Return the lines of the listing below exactly as they appear, beginning at the one with "We started with" and stopping after the one with "This two tone"; do not include pictures.

◆ Exercise inputs
--- START ---

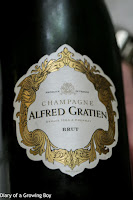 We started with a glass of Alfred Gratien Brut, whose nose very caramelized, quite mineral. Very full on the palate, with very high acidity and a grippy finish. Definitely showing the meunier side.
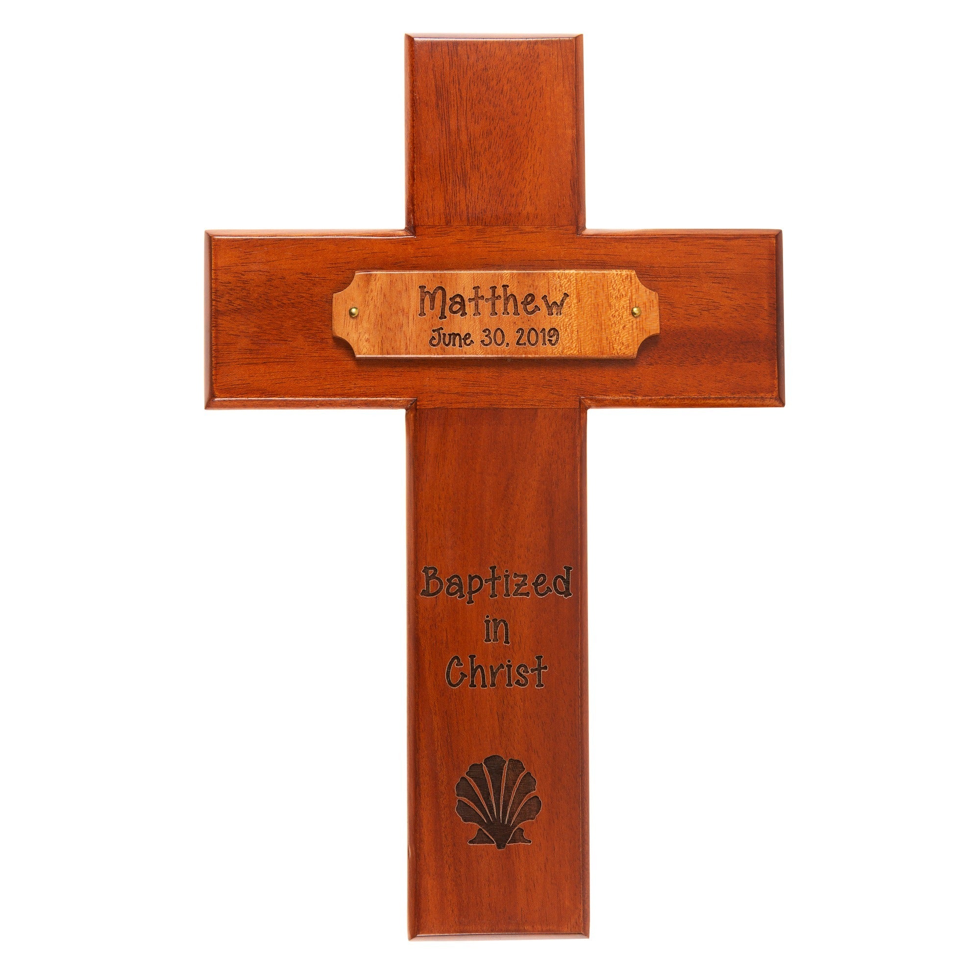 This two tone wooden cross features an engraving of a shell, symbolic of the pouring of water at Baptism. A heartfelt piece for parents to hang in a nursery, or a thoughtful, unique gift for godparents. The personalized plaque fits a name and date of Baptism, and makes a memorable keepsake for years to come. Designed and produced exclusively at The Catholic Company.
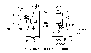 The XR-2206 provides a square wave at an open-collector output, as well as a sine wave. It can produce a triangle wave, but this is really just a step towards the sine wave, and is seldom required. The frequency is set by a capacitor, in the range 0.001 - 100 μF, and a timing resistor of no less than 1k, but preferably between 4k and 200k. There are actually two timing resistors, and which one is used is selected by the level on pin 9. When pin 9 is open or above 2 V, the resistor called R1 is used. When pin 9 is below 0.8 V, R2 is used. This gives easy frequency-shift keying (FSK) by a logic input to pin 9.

--- END ---
--- START ---

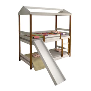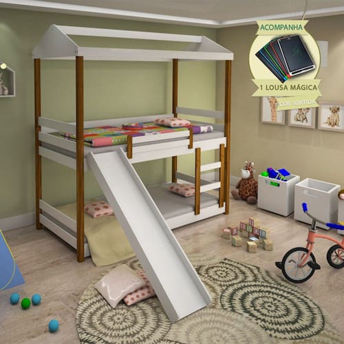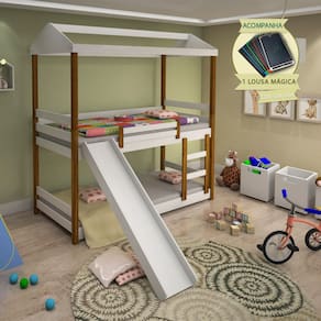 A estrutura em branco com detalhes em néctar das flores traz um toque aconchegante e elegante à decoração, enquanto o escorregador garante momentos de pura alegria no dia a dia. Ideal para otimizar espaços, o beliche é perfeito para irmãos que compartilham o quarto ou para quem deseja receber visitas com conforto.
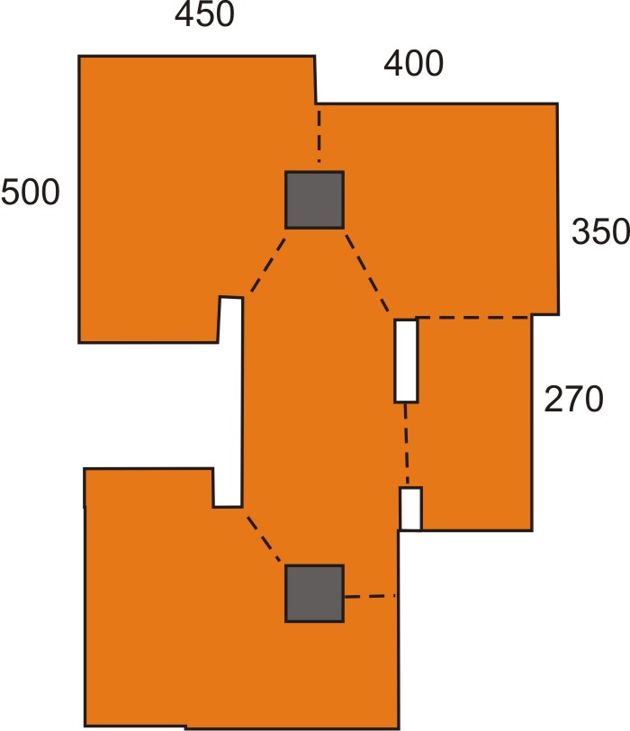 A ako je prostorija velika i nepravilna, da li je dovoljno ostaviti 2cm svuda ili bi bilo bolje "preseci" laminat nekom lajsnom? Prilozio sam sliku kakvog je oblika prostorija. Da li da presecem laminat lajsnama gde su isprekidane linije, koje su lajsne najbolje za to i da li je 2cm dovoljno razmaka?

--- END ---
--- START ---

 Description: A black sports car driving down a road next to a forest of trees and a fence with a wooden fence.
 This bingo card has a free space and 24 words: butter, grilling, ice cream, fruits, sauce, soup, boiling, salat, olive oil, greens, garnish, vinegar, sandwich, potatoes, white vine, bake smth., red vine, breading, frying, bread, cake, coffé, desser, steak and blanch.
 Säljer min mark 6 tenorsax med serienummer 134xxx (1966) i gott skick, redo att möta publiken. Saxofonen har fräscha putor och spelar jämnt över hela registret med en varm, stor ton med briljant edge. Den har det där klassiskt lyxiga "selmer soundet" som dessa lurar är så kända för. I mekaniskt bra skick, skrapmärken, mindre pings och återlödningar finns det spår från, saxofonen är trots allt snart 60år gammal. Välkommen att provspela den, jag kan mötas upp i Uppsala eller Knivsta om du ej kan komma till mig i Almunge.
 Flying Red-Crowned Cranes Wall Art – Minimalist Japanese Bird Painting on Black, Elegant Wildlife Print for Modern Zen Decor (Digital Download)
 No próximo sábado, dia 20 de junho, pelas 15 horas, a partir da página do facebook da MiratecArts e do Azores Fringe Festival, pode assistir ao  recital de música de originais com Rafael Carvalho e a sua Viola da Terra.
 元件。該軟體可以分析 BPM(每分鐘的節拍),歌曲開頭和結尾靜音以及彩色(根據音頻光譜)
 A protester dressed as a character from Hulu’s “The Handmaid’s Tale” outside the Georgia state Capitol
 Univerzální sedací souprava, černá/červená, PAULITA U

--- END ---

◆ Result of the exercise
 We started with a glass of Alfred Gratien Brut, whose nose very caramelized, quite mineral. Very full on the palate, with very high acidity and a grippy finish. Definitely showing the meunier side.
 This two tone wooden cross features an engraving of a shell, symbolic of the pouring of water at Baptism. A heartfelt piece for parents to hang in a nursery, or a thoughtful, unique gift for godparents. The personalized plaque fits a name and date of Baptism, and makes a memorable keepsake for years to come. Designed and produced exclusively at The Catholic Company.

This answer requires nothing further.